What does the power supply decoupling look like? At least 10uF + 0.1uFceramic on each power pin of the IC(s)? Vanishingly short traces from IC power pins to the decoupling caps? This is usually far more important at audio frequencies than ground planing.

[alanlan]

I would replace the 16V caps with 25V rated caps and then re-evaluate.

[Paul Marossy]

What does the power supply decoupling look like? At least 10uF + 0.1uFceramic on each power pin of the IC(s)? Vanishingly short traces from IC power pins to the decoupling caps? This is usually far more important at audio frequencies than ground planing.

The IC chips all have a minimum of 10uF electro cap, but not any 0.1 ceramics. All of the IC chips are powered thru voltage regulators, for the negative supply it's 79L05s & 79L12s and for the positive supply it's 78L05s and 78L12s. All the power supply traces are pretty much as direct as possible except for one +12V track that makes a 1/2 trip around the board to the output IC (but that's not the IC I am having trouble with). On the negative supply there is a 1000uF and a 470uF filter cap right after the 1N4007 and on the positive side there is a 2200uF, a 1000uF and a 470uF after the 1N4007. The whole bottom side of the PCB is one big ground plane.

I would replace the 16V caps with 25V rated caps and then re-evaluate.
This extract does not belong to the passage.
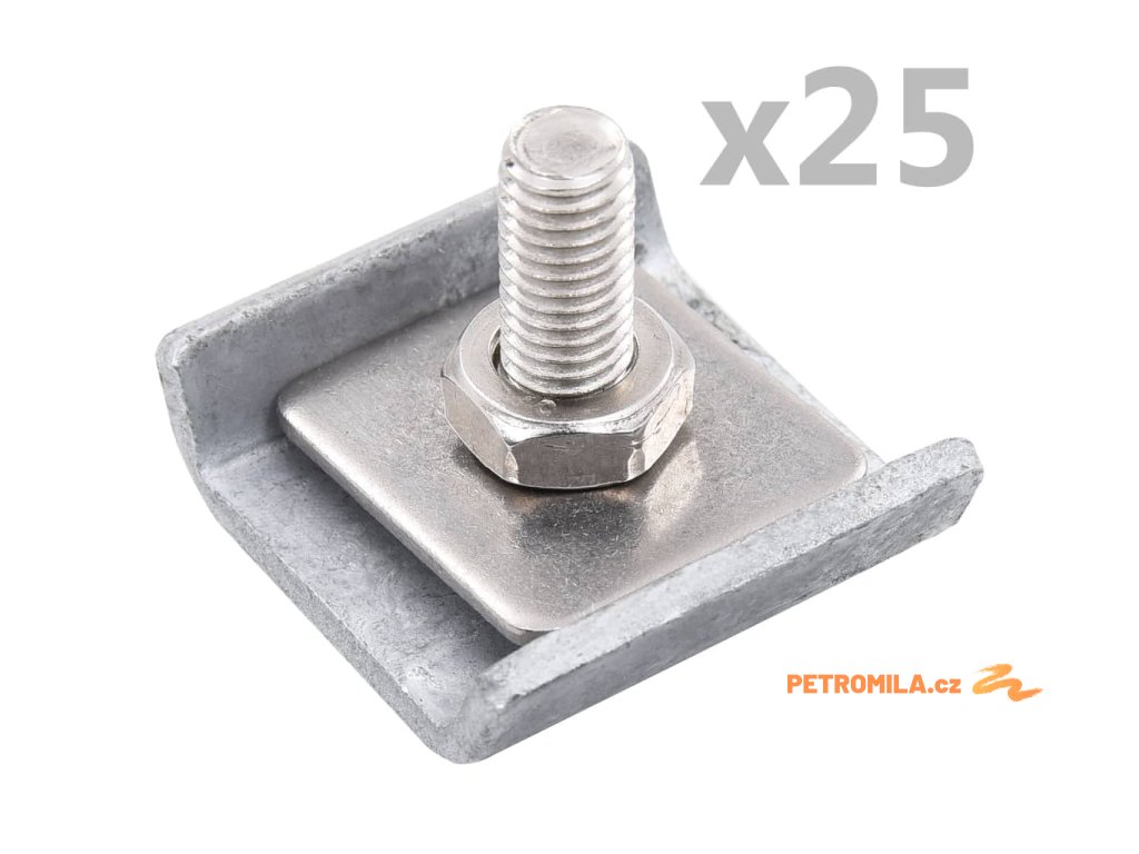 Balení obsahuje 25 setů v jednom balení. Každá sada se skládá z 1 čelní destičky, 1 zadní destičky, 1 šroubu a 1 matice.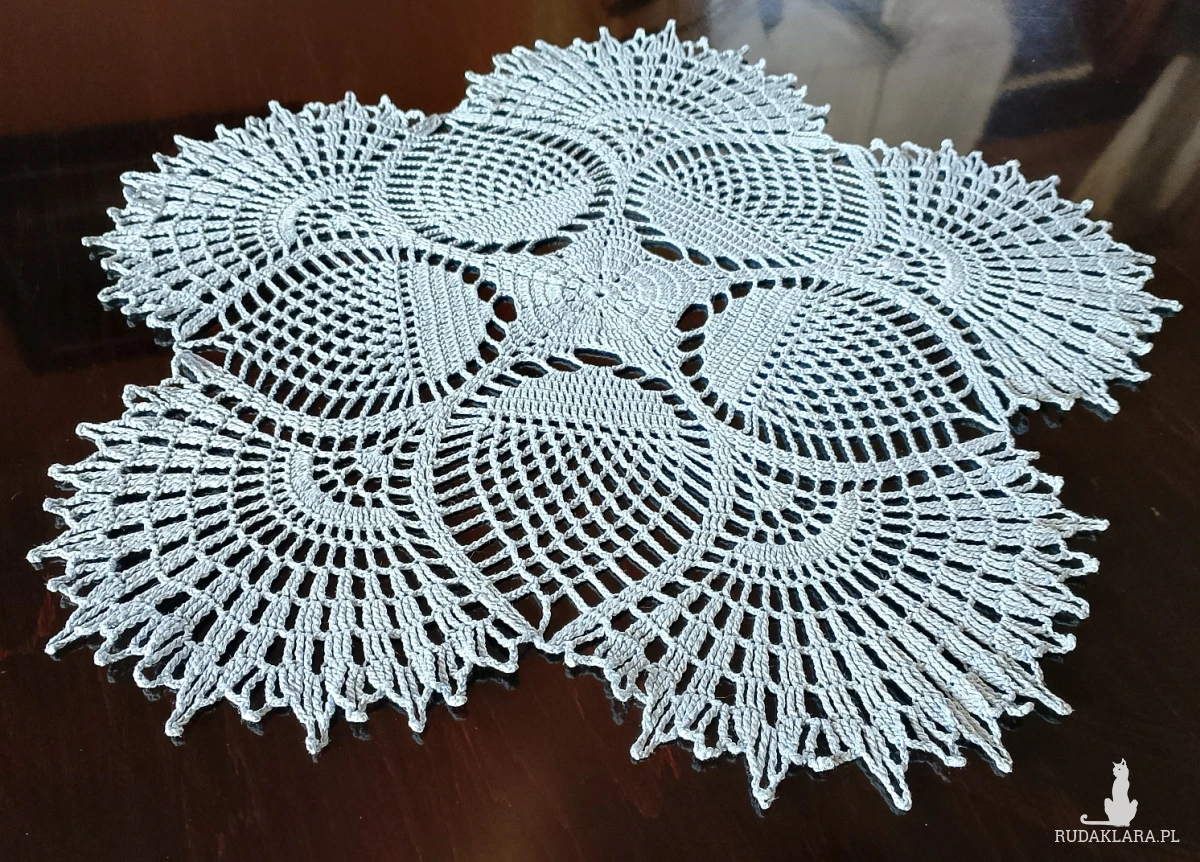 Bardzo dekoracyjna serwetka, o pięknym wzorze, wykonana w całości ręcznie z kordonka w kolorze jasno niebieskim.

That's exactly what I'm doing. I'm using 35V caps and waiting for a couple of parts to complete a second board populated by myself just to make sure there isn't one wrong part on the board somewhere on the pre-populated one that was sent to me. But all the filter caps need to be at least 25V regardless.

[R.G.]

The IC chips all have a minimum of 10uF electro cap, but not any 0.1 ceramics. All of the IC chips are powered thru voltage regulators, for the negative supply it's 79L05s & 79L12s and for the positive supply it's 78L05s and 78L12s. All the power supply traces are pretty much as direct as possible except for one +12V track that makes a 1/2 trip around the board to the output IC (but that's not the IC I am having trouble with). On the negative supply there is a 1000uF and a 470uF filter cap right after the 1N4007 and on the positive side there is a 2200uF, a 1000uF and a 470uF after the 1N4007. The whole bottom side of the PCB is one big ground plane.

Before you go any further, get a batch of 0.1uF/50V dipped epoxy caps. If you've been at building long enough, you have probably already bought a bag of a few hundred of these for under $10 and use them like candy party favors. I do. For instance, look at these:
http://www.mouser.com/ProductDetail/Vishay-BC-Components/K104K15X7RF5TH5/?qs=sGAEpiMZZMuAYrNc52CMZNaBwupcnfl2GHhuVIbtnIM%3d
A baggie of 100 of them will cost you $4.40 plus shipping in your next Mouser order.

Now, find every V+ and V- power pin on every IC on the bottom of the PCB, and solder a 0.1uF cap from the pin to the ground plane, scraping a hole in the ground place to solder the cap lead to. This should be as close to the power pin as possible, and the cap leads should be as short as you can make them and still get them soldered. If you're conservative with your time and effort, start with the ICs that are giving you problems first. Include as a first effort the input and output pins of the voltage regulators.

This may not be THE problem, but it's certain that it will not make things worse, and it may be all of the the problem.

[Paul Marossy]

The addition of the .01 caps to ground on the +/- pins of the ICs seems to have helped to make things more stable. At least now I can get it to where it doesn't just spontaneously oscillate when it's not supposed to. Before I couldn't get the carrier noise to an acceptable level it just wanted to oscillate like a maniac when there was no signal. It would start out OK, or so I thought, but it would always start to oscillate no matter how I tweaked the trimpots (which I did for a few hours). The decoupling of the IC power supplies seems to have been part of the problem. Hopefully I can figure out the rest of this on Monday or Tuesday when my regulators arrive...

[Paul Marossy]

Well, after many hours of messing around and coming to dead ends, I eventually found that out that the schematic they provided was missing two very strategically located resistors whose omission screwed up the whole functionality of the circuit. Argh.